Howard Schultz has long been known as a gold standard for corporate responsibility and a model of a good boss. As the CEO of Starbucks for two stints beginning in 1987 and still today, he advocated for better employee benefits such as healthcare and stock options. Schultz has repeatedly contended that Starbucks offers good benefits and pay, so employees do not need a union. His stance has put to the test recently with charges that Starbucks tried to interfere with unionization and collective-bargaining efforts at its stores while he was CEO. At the same time, Americans’ attitudes toward unions and large companies have shifted significantly and Gen Z, or people born from 1997 to 2012, have the most critical views of corporations and their leaders.
Starbucks is a Seattle-based coffee company that today has over 36,000 stores and 402,000 employees. The focus of the company, since its founding in 1987, has been to build its business around a point of honoring its customers and employees. It offers stock options, tuition assistance, and health insurance, including a 1986 contract for unionized Seattle Starbucks workers that Schultz initially opposed. At the same time, it has been trailed with criticisms of attempting to interfere with unionization and collective-bargaining efforts at its stores while Schultz was CEO.

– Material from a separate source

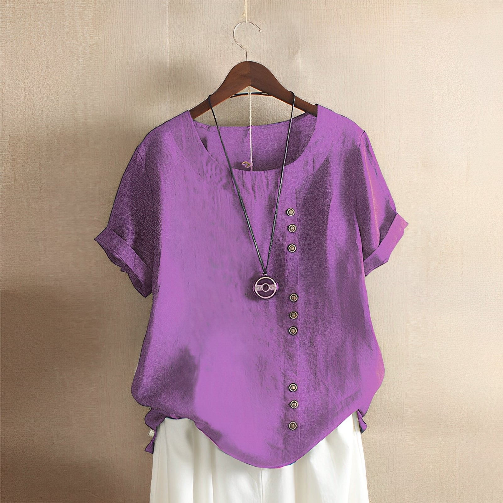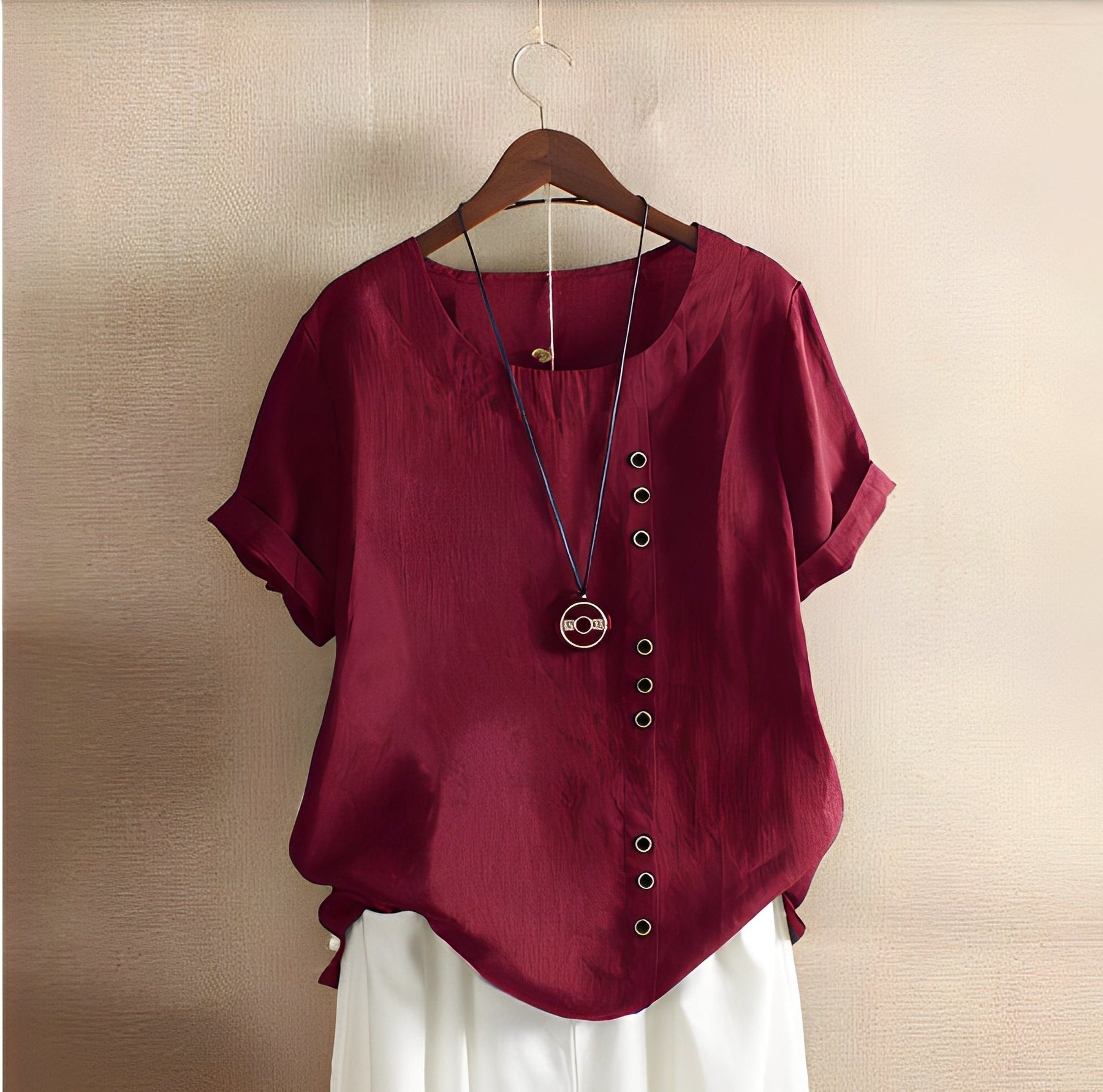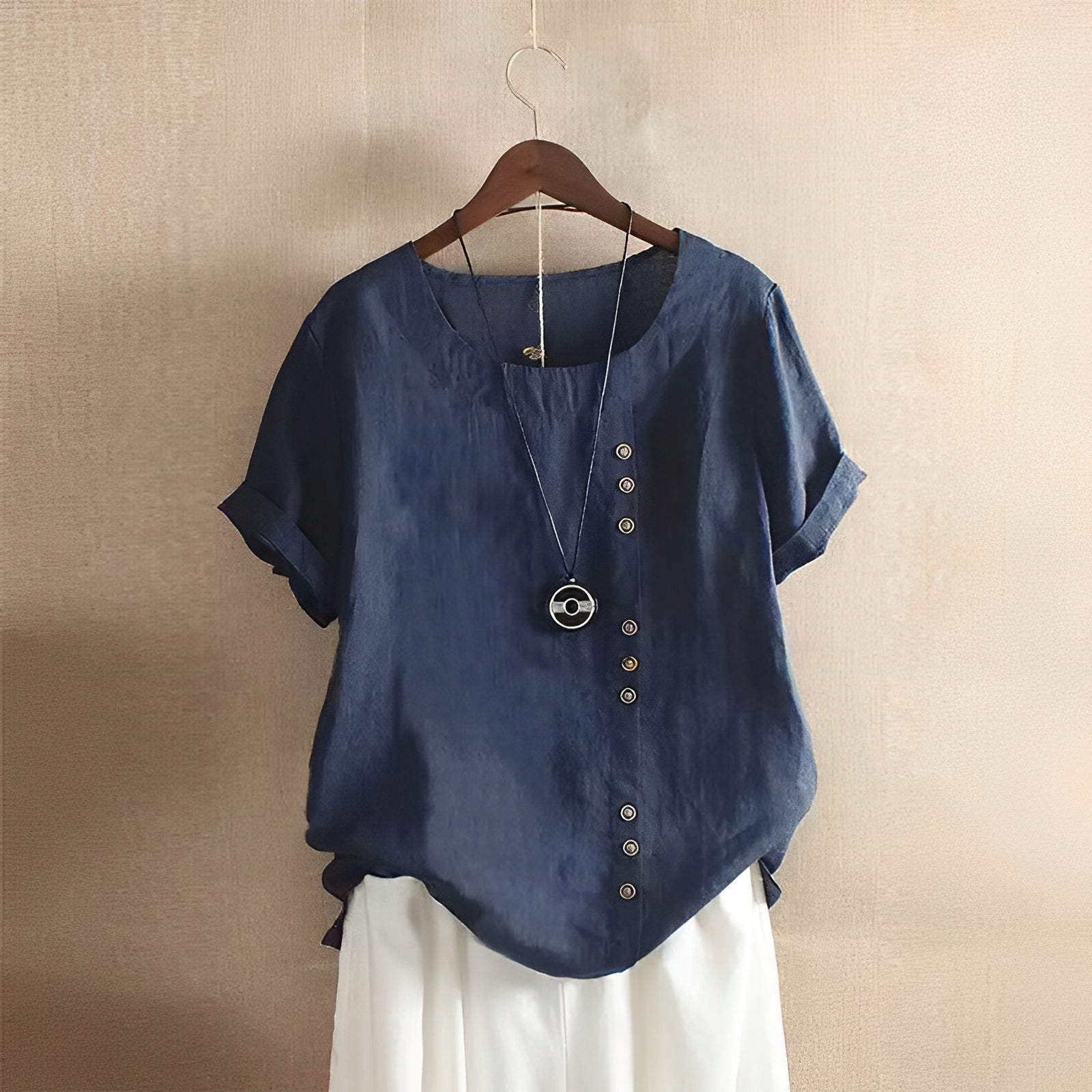 Clare - lockere Kurzarmbluse mit Rundhalsausschnitt

Schultz himself is a former driver, whose father was fired from a job after suffering an injury. From this experience, he has said he decided to create a company where employees would be respected and with features in place to protect them from mistreatment, going as far as visiting hundreds of collaboration sessions and forums for workers to better understand them. Yet, Gen Z is the most targeted demographic for work in coffee shops, and their negative view of businesses and their leaders has Schultz facing an uphill battle in recruiting and retaining these young workers.